Ведьмины камни (СИ) - Дворецкая Елизавета Алексеевна
– Говорили мы с цесарем о хазарах, – рассказывал Ивор. – Тревожит его, как бы не было набегов от них больше на его владения, Корсуньскую страну.
– Ты сказал ему, что Хельги Красный ушел в Арран [47]? – спросил Ингвар.
– И что мы больше его не поддерживаем, – добавил Мистина.
При этом глаза всех русов, а за ними и греков, обратились к княгине. Хельги Красный был сводным братом Эльги, и она любила его, однако ей пришлось смириться с его изгнанием. Хельги, старший из племянников Олега Вещего, был человеком отважным, честолюбивым, умеющим одни преграды обходить, а другие сметать.
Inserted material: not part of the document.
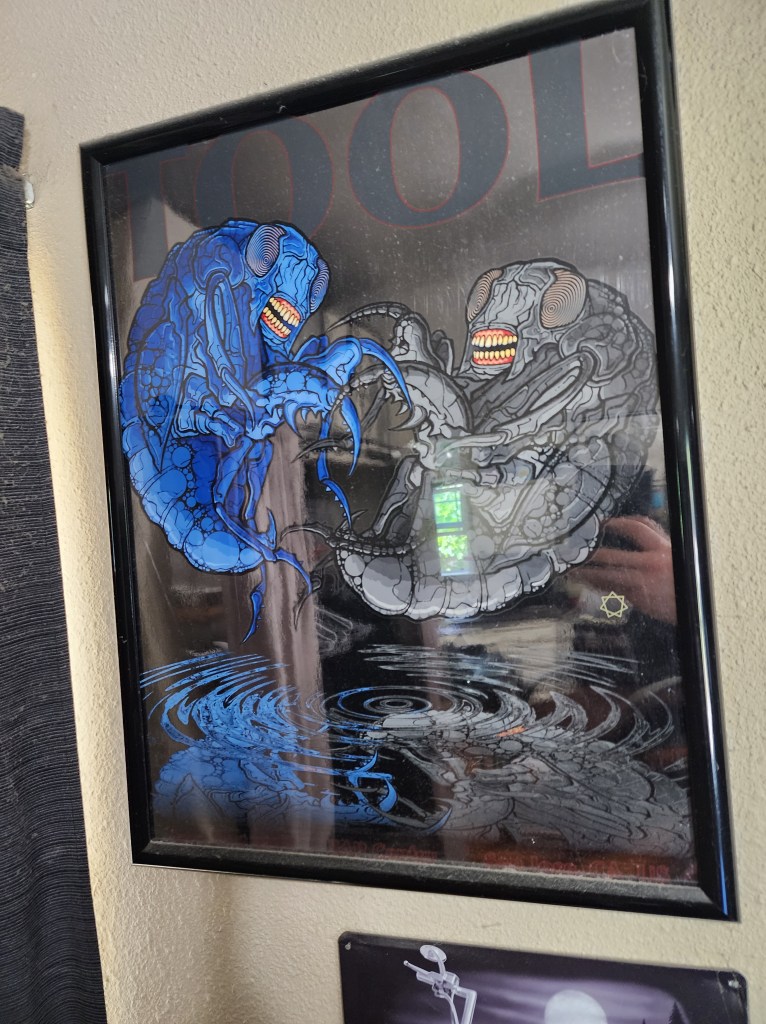 Whenever I go to a concert, I always try to snag a tour poster. That’s if they them sell it at the merch table. If they’re not available there, I usually buy a tour shirt at the merch table, cut out the design, and frame it up, I still qualify that as part of my collection because those shirts aren’t going to last forever if you wear them constantly. Getting creative like this for me keeps the memory of the event alive. You have to remember the great times you have in life in one way or another. It’s what gets you through these strange days we live in.

В его грубоватом обаянии искреннее расположение к людям соединилось с верой в себя и свою удачу, что привлекало к нему мужчин и женщин. Несколько лет назад он пытался воспользоваться ослаблением Ингвара и оторвать себе кусок от Олеговой державы. Год назад между ним и Ингваром произошел окончательный разрыв, когда Ингвар принял мирные предложения Романа вопреки желанию многих в своем войске, и особенно Хельги Красного.
Княгиню Эльгу немало терзала необходимость отказаться от него, тем более что Хельги был любящим братом, глубоко преданным чести рода. В том-то и состояла беда: благо рода он ставил выше блага державы, а сейчас это уже было не одно и то же. Хельги угрожал ее владениям, наследству ее сына, и она сделала выбор.
Было это следствием ума, или чутья, или чудесным даром богов, но Эльга умела делать верный выбор в пользу будущего, даже когда разрыв с корнями причинял боль ей самой. Эта ее способность и стойкость, с которой она следовала за путеводной нитью судьбы, начиная от первых самостоятельных шагов, внушала благоговение даже Мистине, хотя его-то трудно было чем-либо поразить.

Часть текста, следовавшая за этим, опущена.